Aaaaacutally, it looks like it does work and the site's "auto-redirection" is not working. Blast! ...But probably a separate ticket, sadly...
UPDATE: indeed, _it never even calls the redirect_ifsuperceded method anymore ...I just added it; I hope I put it in the right place, though. :S
UPDATE 2: Nope, it must not be in the right place; still not working (on beta.eol.org where I've updated it)
Okay, now we have two (new) problems.
These sound like things that may also have been affecting our Admin taxon concept management experience in recent months. Two birds, one stone?
No, I don't think these are related; this is a bug PURELY with the new harvesting code, not with concept management. :S Sorry! (That said, concept management SHOULD (really) be re-written to use the new Ruby code, but ... I doubt we'll get thumbs-up for that before Tramea.)
Anyway, I managed to write the code to move traits, but I haven't fixed all of those merges with 0. :S Will have to do that next week. Sorry for the missing pages! :( :( :(
ALSO need to fix: the merge does not reindex the page, and it needs to. That's a bit of a pain. :(
Roger that; don't worry about the wait on this resource; we're still fiddling with it.
Dammit, it looks like I really screwed up those pages with the 0s after the ='s. :(
HierarchyEntry.where(taxon_concept_id: 0).count
(0.5ms) SELECT COUNT(*) FROM `hierarchy_entries` WHERE `hierarchy_entries`.`taxon_concept_id` = 0
=> 44
...These will have to be manually matched back to the right id. Luckily, there aren't too many ids to match against, just the 0s:
23186533
540519
907088
38996200
These pages are lost for good. They should have had redirects taking them to the right page (2 paragraphs down), but because I can't know which was which, I have to leave them "blank". :S ...The data are not lost, though; they are "properly" remapped to the taxa where they were going (before the code changed the target to a 0).

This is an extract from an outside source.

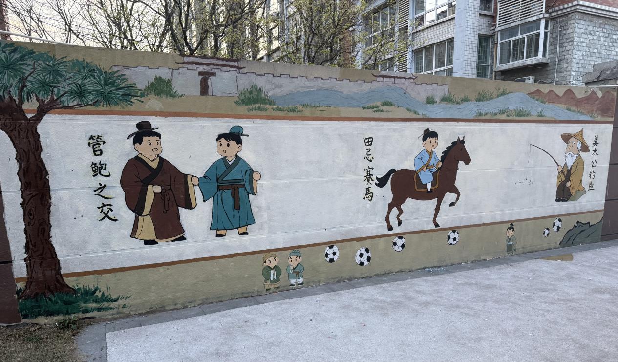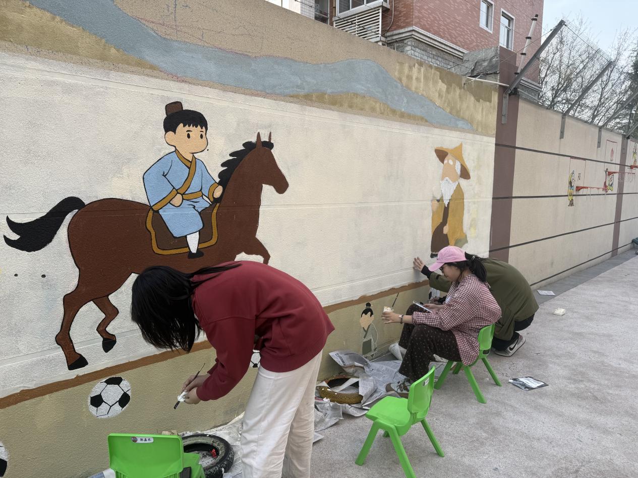活动现场,服务队成员发挥专业特长,在幼儿园墙面精心绘制古代成语主题墙绘,用色彩装点校园环境,为幼儿成长营造传统文化氛围。

Looks like they map to the following taxa (by their entry ids):
907088 (Gymnodinium pulchellum, Takayama pulchella)=> [16228076, 19781811, 26305689, 34716614, 40729716, 44431149, 48595638, 20188634, 20616606, 24512469, 2651076632653886, 36419832, 45242657, 46155887, 54419292, 55413747, 60625346, 29151588, 39206587, 51383322, 26510641, 49776029, 54424593, 56187305, 56339413, 58917735, 20767877, 30056797, 35568142, 44431321, 44797497, 45728393, 48932721, 55100013, 58917297, 57071167],
900689 (Phaeocystis pouchetii) => [19415242, 26320487, 33176315, 34733532, 48623193, 40746696],
899696 (Gymnodinium punctatum) => [56340314]
That also screwed up all of the associated data: TaxonConceptName, DataObjectsTaxonConcept, TaxonConceptsFlattened, and TaxonConceptsFlattened (by ancestor), and possibly RandomHierarchyImage.
Really glad it was only four... cause that's going to be a hard mess to fix. :(
Resulting in VERY weird pages right now: http://eol.org/pages/540519/overview
...Again, will fix next week. Sorry, sorry. Bad, bad.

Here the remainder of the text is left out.